2. The Nightmare: Subversion & Exploitation

This is where the intended effect gets hijacked. What happens when the ecosystem is exploited in unintended ways?

• The Clinic Software (The Loot): If an attacker finds a Broken Object Level Authorization (BOLA) vulnerability in your API, they don't just dump PHI. They can modify configurations. Imagine an attacker changing the basal rate configuration for Patient A, which then syncs down to the Patient App, and pushes to the pump. You just weaponized the cloud.

• The Tech App (The Keys to the Kingdom): Technicians are notorious for reusing static credentials. If an attacker decompiles the Tech App and finds a hardcoded API key, or steals a technician's tablet, they bypass the patient entirely and gain direct administrative control over device provisioning.

• The Patient App (The Pivot): If the app trusts user input implicitly, an attacker could reverse-engineer the Bluetooth payload and write a malicious script to bypass the app entirely, spamming the pump with "dispense" commands directly from a rogue device.

• The Patient Device (The Oh No): If the device is directly or indirectly attacked, or legitimate functionality is accessed, utilized, or some other scenario occurs - the device should not be able to do a monumental and irreversible harm to the patient.

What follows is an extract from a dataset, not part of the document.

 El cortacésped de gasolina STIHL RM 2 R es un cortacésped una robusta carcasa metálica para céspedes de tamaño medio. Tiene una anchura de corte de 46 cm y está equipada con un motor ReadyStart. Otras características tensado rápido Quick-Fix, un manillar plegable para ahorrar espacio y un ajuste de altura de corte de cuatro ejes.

3. The Arsenal: Mechanisms of Disruption

How do threat actors actually engage with those subversions or interrupt the happy path? Here are some examples.

To Interrupt (Denial of Service & Disruption):

• BLE Jamming/Resource Exhaustion: Flooding the pump's Bluetooth receiver with garbage packets. The pump drops the connection to the Patient App. The intended operation (monitoring and remote dosing) is completely severed. Alternatively, packets and broadcasts drain the battery of the device causing it to cease operation or possess a limited window of operation thereby effecting the patient.

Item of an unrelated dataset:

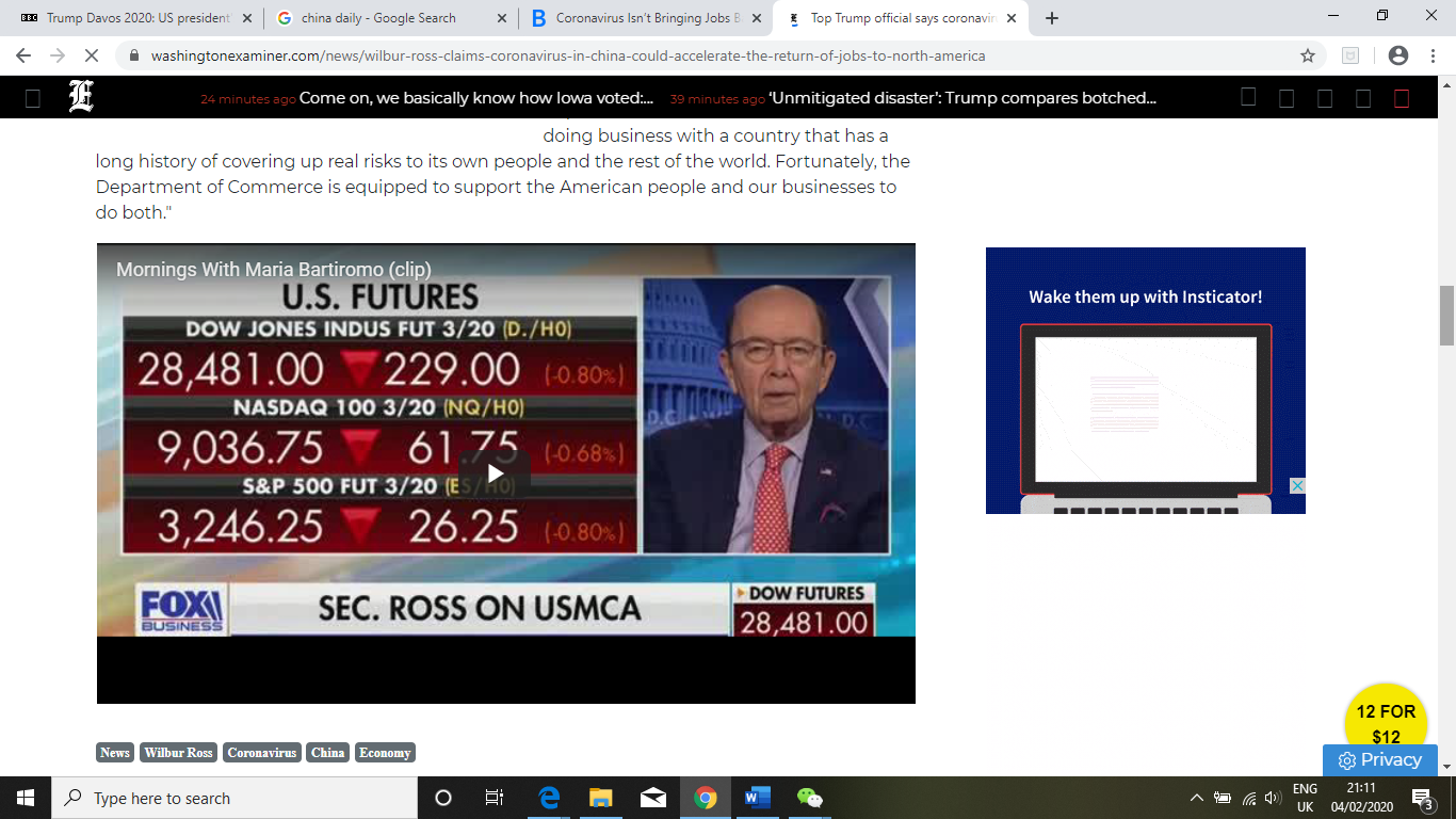 Speaking to Fox Business on January 30, US Commerce Secretary Wilbur Ross said the coronavirus will help bring jobs back to North America. The coronavirus “will help to accelerate the return of jobs to North America, some to U.S., probably some to Mexico as well .. the fact is, it does give businesses yet another thing to consider when they go through their review of their supply chain,” Ross said on the show.

• Ransomware on the Clinic DB: The database is locked. The Patient App can't sync, the Tech App can't provision new devices, and doctors are flying blind. However, a disconnected patient device may be ok and able to operate in isolation.

To Engage (Exploitation & Integrity Loss):

• Man-in-the-Middle (MitM) & Replay Attacks: If the BLE traffic between the app and the pump isn't encrypted with a rolling, time-stamped nonce, an attacker sitting on a bench next to the patient can sniff the "dispense 2 units" command, save it, and blindly replay it 50 times an hour later.

• Firmware Downgrade Attacks: If the pump doesn't strictly validate the cryptographic signature and version number of a firmware update, an attacker can push an older, vulnerable firmware version from a compromised Tech App to re-open patched exploits.

• And many more other ways of course....

4. From Theory to Brutality: The Ecosystem Re-Evaluated

So at this point, I can probably sense - great - we’ve established the blast radius. Now we move from the abstract into the rigorous, mathematical breakdown of exactly how it goes wrong, and exactly how we stop it.

Then, when you look at the matrix below, you are seeing the translation of my thought exercise into hard engineering constraints:

• The BLE Connection is the Primary Battleground: The connection between the Patient App and the Pump is the soft underbelly. Attackers don't need to break AES encryption to kill the patient; they just need to spam the BLE stack until the battery dies (DoS), or bypass "Just Works" pairing to send unauthorized bolus commands. The fix isn't "better software"—its about reducing the impact or possibility that this exposed interface could render the scenarios we do not want to happen.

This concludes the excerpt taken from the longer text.